Pulling up to the curb beneath the famous gate fixed to a flag pole overhead, Tony whistled sharply through the open passenger-side window. Ben, who'd been browsing through a _Saturday Evening Post_ from the racks outside the drugstore, glanced up and smiled. Putting back the magazine, he heaved up the suitcase and duffle bags he'd stacked by his side. Tony piled out and opened the trunk; Ben slung in his bags and then tumbled into the passenger side even as Tony got the trunk closed and slid back behind the wheel. They were pulling out into traffic in maybe a minute. Nice work.

"That was fast," Ben said in his deep voice. Three years hadn't changed its comfortable rumble.

"You have to be fast with all the summer tourists who want to play bumper cars around this place. Any problems on the trip down from L.A.?"

"No. But I don't understand why Mr. Erskine didn't drop me off at your grocery store."

"Not my grocery store, which is the problem. My late uncle-in-law started the place as this town's version of a Piggly-Wiggly, and Erskine won't so much as set foot in its parking lot. He's still mad that Uncle Pete won the big competition for Aunt Cora's hand."

"Seems a touch temperamental."

"Sure. He's an artist. There are lots of 'em around here, all with their own little ways of doing things. You'll see."

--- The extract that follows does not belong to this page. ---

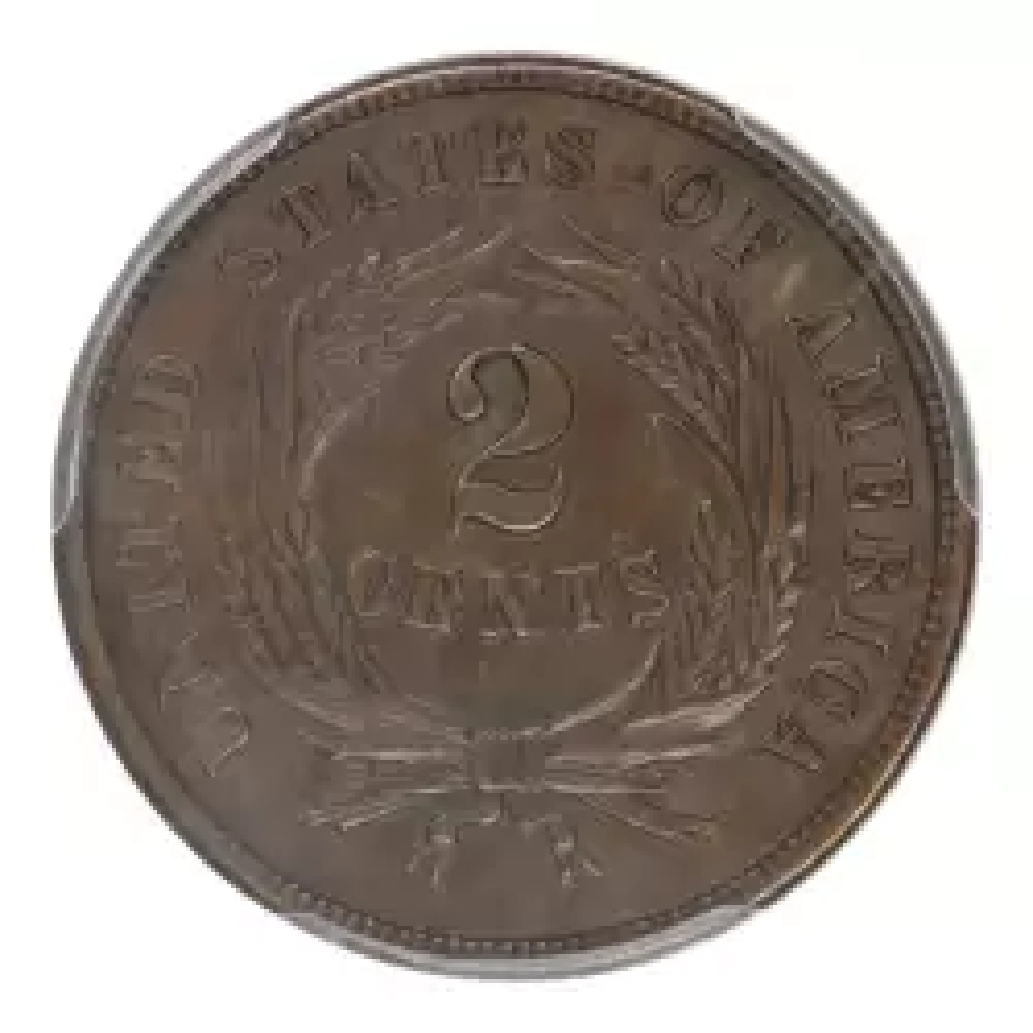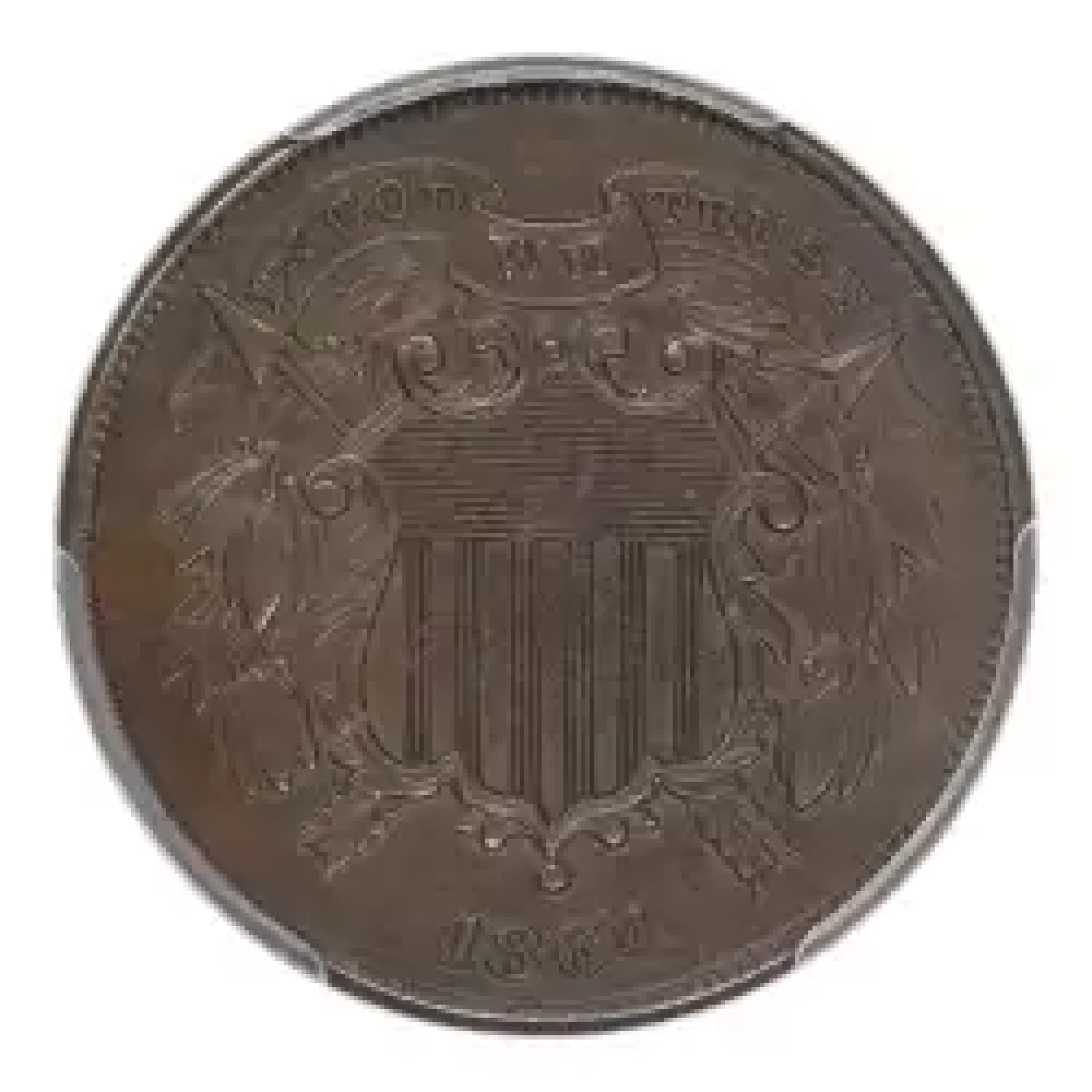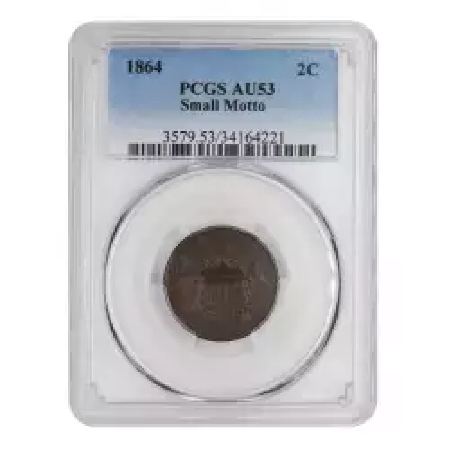 1864 2c small motto PCGS AU53. Significantly scarcer than its large motto counterpart, PCGS has certified just over two dozen 1864 small mottos in this date and grade. Excellently struck with a pleasing deep brown color. Well detailed, showing only the earliest signs of circulation.

"I suppose the art explains a lot. Why he kept sneaking glances at me all the way down the coast, for example." No surprise there: Erskine, as a painter, would know how much Ben deserved eyeballing, what with the well-shaped, scholarly features topping the tough, lean body, one not much changed three years later. Dark hair, blue eyes, high quality rump roast-- But Ben was still going with, "Where are we off to now?"

"My place. I'm done for the day, so I figured we could drop off your bags and then look around town a little. Take you out to dinner; do the usual first day, touristy stuff."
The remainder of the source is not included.